* Q1 profit 44.7 bln rupees vs. estimate of 43.6 bln
* Q1 refining margins $7.6/barrel vs. $10.3 year earlier
* Shares down 0.7 pct ahead of results announcement
By Prashant Mehra
MUMBAI, July 20 (Reuters) - Reliance Industries Ltd , India’s third-most valuable listed company, posted its third consecutive drop in quarterly profit but beat street expectations as refining margins fell less than expected and treasury gains from its huge cash pile bolstered profits.
Reliance said its quarterly profit fell to 44.73 billion rupees ($809 million), down 21 percent from a year earlier, as margins in its refining and petrochemicals business slipped.
Reliance, once a favourite with foreign funds, has seen a slump in investor interest as profits shrink amid a slowdown in its core energy business and recent forays into consumer-focused segments such as telecom and retail have yet to garner profits.
Its shares have sharply underperformed the main stock index over the past 18 months, pulling it down from its ranking as India’s most-valuable company, despite a $2.1 billion share buyback announced in January to bolster the stock.
Net sales for the April-June quarter rose 13.4 percent to 918.75 billion rupees, the company said.
A Reuters poll of brokerages had forecast net profit of 43.6 billion rupees for the fiscal first quarter ended June 30, with net sales expected at 887.7 billion rupees.
“The numbers are an improvement and investors may start looking at the company again, but it’s too early to change the outlook for the stock,” said K.K. Mital, head of portfolio management services at Globe Capital Market.
“For that, clarity on utilisation of cash or increase in gas output is the key,” he added.
Output at Reliance’s flagship D6 block, India’s largest offshore gas field, is projected to fall to 20 million standard cubic metres a day (mscmd) in 2014/15 from 28 mscmd in the current fiscal year, a third of the 60 mscmd it was producing in 2010.
Canada’s Niko Resources, which holds a 10 percent stake in the block, last month slashed the reserve estimate for the block, which is jointly operated by Reliance and global major BP.
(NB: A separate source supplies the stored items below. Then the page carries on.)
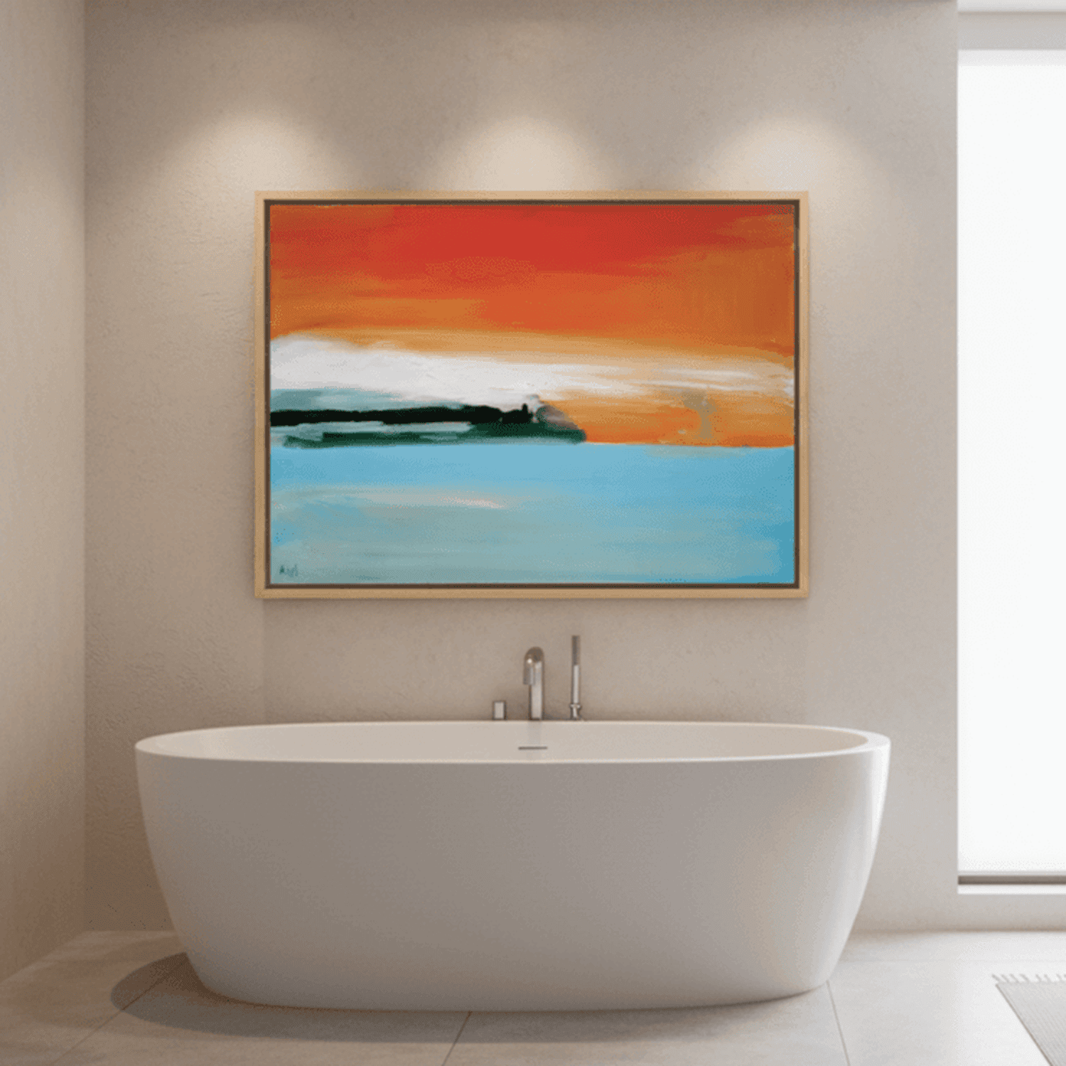 Unsere Schattenfugenrahmen werden passgenau um das auf Keilrahmen gespannte Gemälde montiert. Der umlaufende Abstand von etwa 1 cm erzeugt eine elegante Schattenfuge, die dem Kunstwerk zusätzliche optische Tiefe verleiht.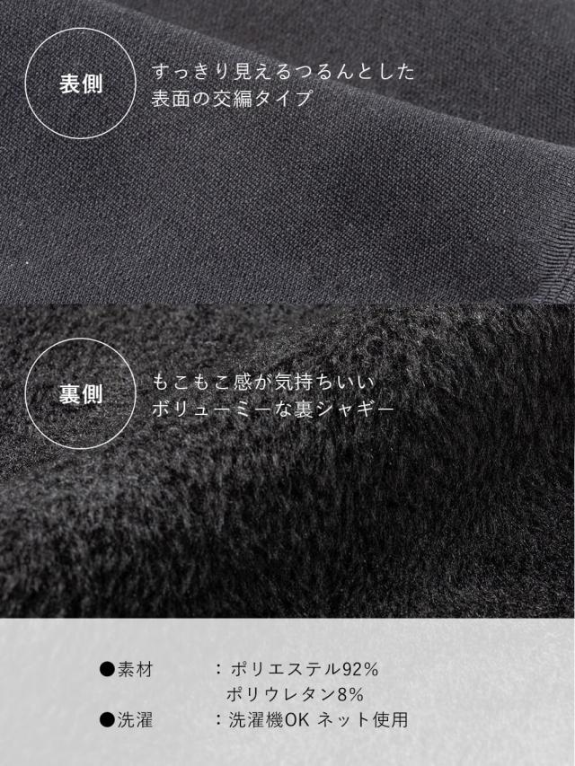 毛足の長い裏シャギー素材のレギンスは、まるで毛布を着ているようなあたたかさ。冬のお出かけに欠かせなくなる極暖アイテムです。表面はシンプルな交編の編地で、つるんとした表面感なので厚地でもすっきり見えるのがポイント。ウエストはゴムを使用していないので締め付けにくく、快適な履き心地です。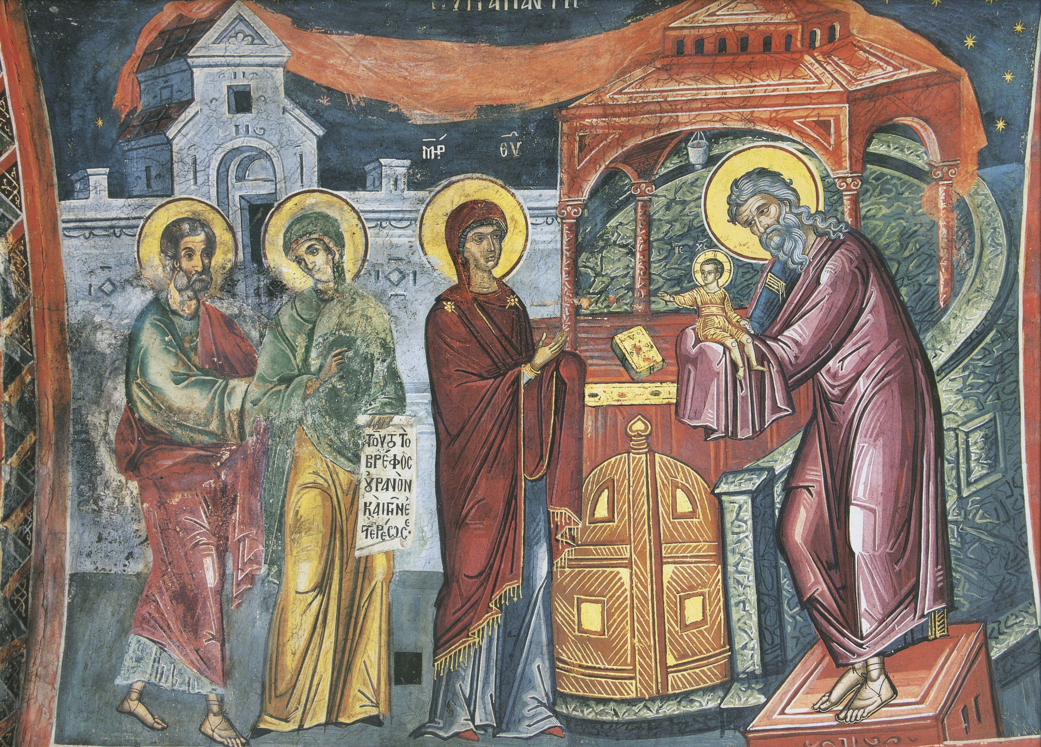 По иудейскому обычаю, на 40-й день после рождения Богородица принесла сына в храм, чтобы посвятить первенца Богу.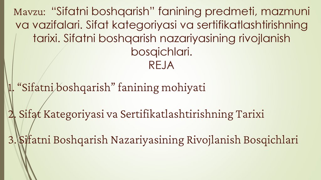 Mavzu: “Sifatni boshqarish” fanining predmeti, mazmuniva vazifalari. Sifat kategoriyasi va sertifikatlashtirishning

Controlled by billionaire Mukesh Ambani, Asia’s second-richest man, Reliance aims to double its operating profit in the next four to five years as it boosts spending and capacity in its core energy business and builds up its newer retail and telecoms operations.
Reliance, which operates the world’s biggest refining complex in western India, reported gross refining margins of $7.6 a barrel for the June quarter, compared with $10.3 a barrel a year earlier.
The margins were squeezed by high crude prices and a narrowing spread between light and heavy crude prices, but were still higher than analysts’ estimate of $7/barrel.
“Reliance has improved its earnings profile as profits from operations were higher on a sequential basis, on the back of volume growth in the refining business,” Ambani said in a statement.
Reliance’s refinery at Jamnagar in the state of Gujarat can handle less costly high-sulphur crude oil, giving it among the best refining margins in the industry. Refining accounts for nearly 80 percent of the company’s revenue.
Reliance’s petrochemicals business posted a 19 percent rise in revenue on higher demand and prices, but margins declined on narrower spreads.
Its oil and gas exploration business posted a 36 percent fall in revenue, the company said, mainly due to lower production at its main KG-D6 block.
Reliance said it held 707.32 billion rupees ($12.7 billion) in cash reserves at the end of June, up from the previous quarter. The company has seen its cash hoard multiply in the last two years, resulting in a disproportionate increase in profits from treasury operations.
Other income of 19.04 billion rupees, most of it through treasury gains, accounted for almost 35 percent of the company’s pre-tax profit for the quarter.
Shares in the company, valued at $42.6 billion, have risen 4.2 percent so far this year, lagging a 11 percent rise in the main stock index. Ahead of the results, the stock closed down 0.7 percent.